Activity :: All lines from the opening of the material up to and including the line with "광복 80주년을 맞아" should be transcribed exactly, pictures excepted.
BEGIN Exercise data
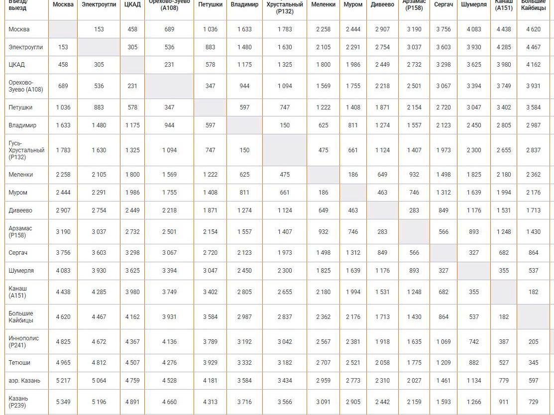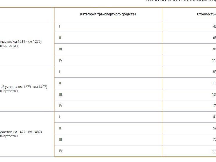 The cost for the longest segment—from Moscow to the village of Shali in Tatarstan—currently stands at 5,399 rubles (about $60) for passenger cars, 8,274 rubles (about $92) for SUVs and minivans, 10,334 rubles (about $115) for trucks, buses, and specialized vehicles over 2.6 meters (8.5 ft) in height, and 11,925 rubles (about $133) for oversized vehicles.
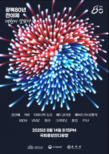 광복 80주년을 맞아 광복의 기쁨을 다시 한번 느껴볼 수 있는 ‘제80주년 광복절 전야제’가 오는 14일 국회의사당 잔디마당에서 개최된다.
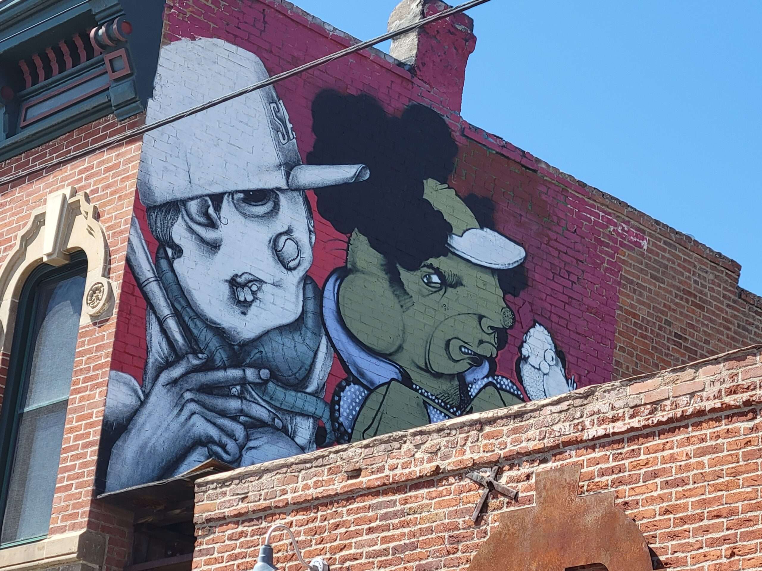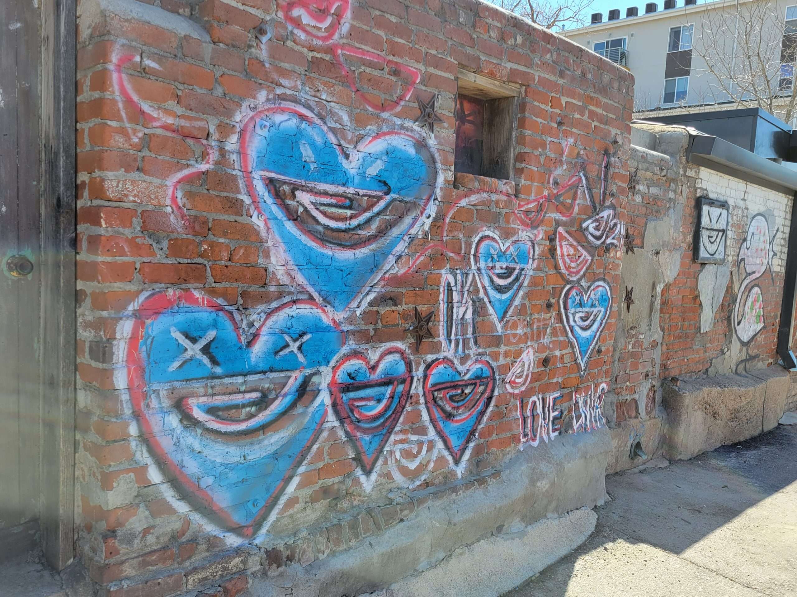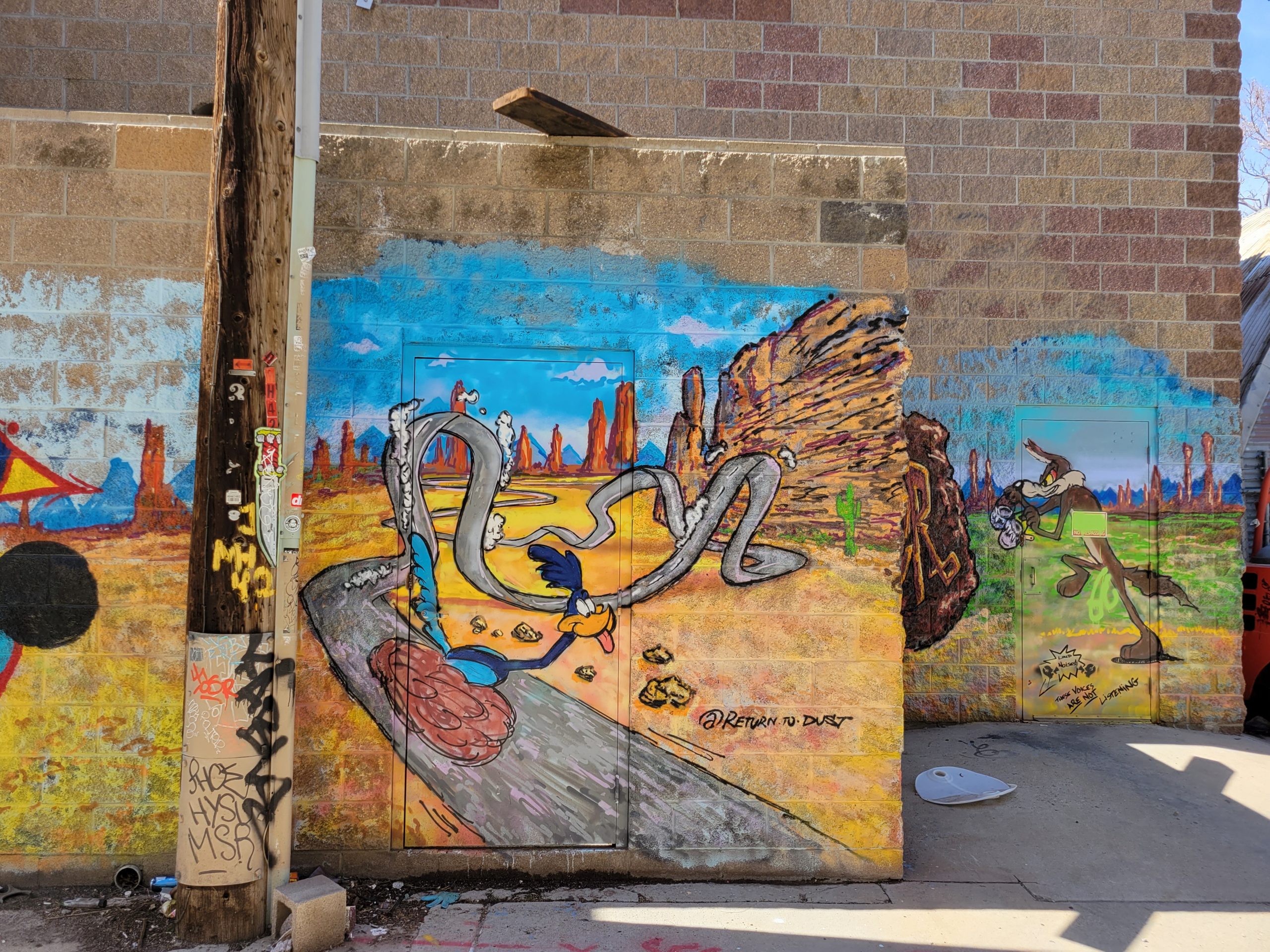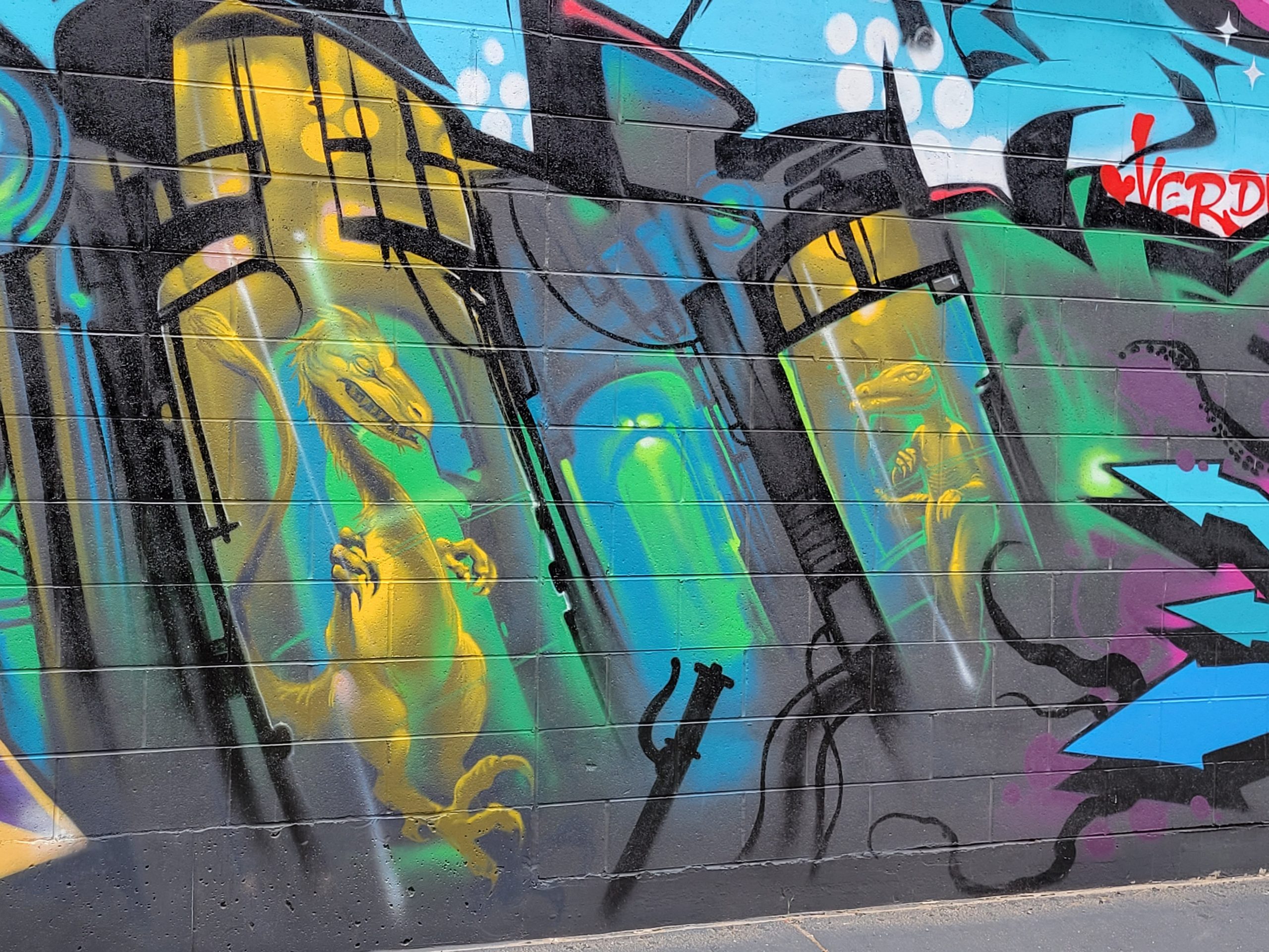This charming, small-scale piece of street art features a crisp red stencil of a Tyrannosaurus Rex wearing a baseball cap and shredding on a skateboard. Found right on a concrete sidewalk in Denver, this playful detail proves that the city's vibrant, whimsical art scene extends all the way down to the pavement beneath your feet.
END Exercise data
Solution for this exercise ::
 The cost for the longest segment—from Moscow to the village of Shali in Tatarstan—currently stands at 5,399 rubles (about $60) for passenger cars, 8,274 rubles (about $92) for SUVs and minivans, 10,334 rubles (about $115) for trucks, buses, and specialized vehicles over 2.6 meters (8.5 ft) in height, and 11,925 rubles (about $133) for oversized vehicles.
 광복 80주년을 맞아 광복의 기쁨을 다시 한번 느껴볼 수 있는 ‘제80주년 광복절 전야제’가 오는 14일 국회의사당 잔디마당에서 개최된다.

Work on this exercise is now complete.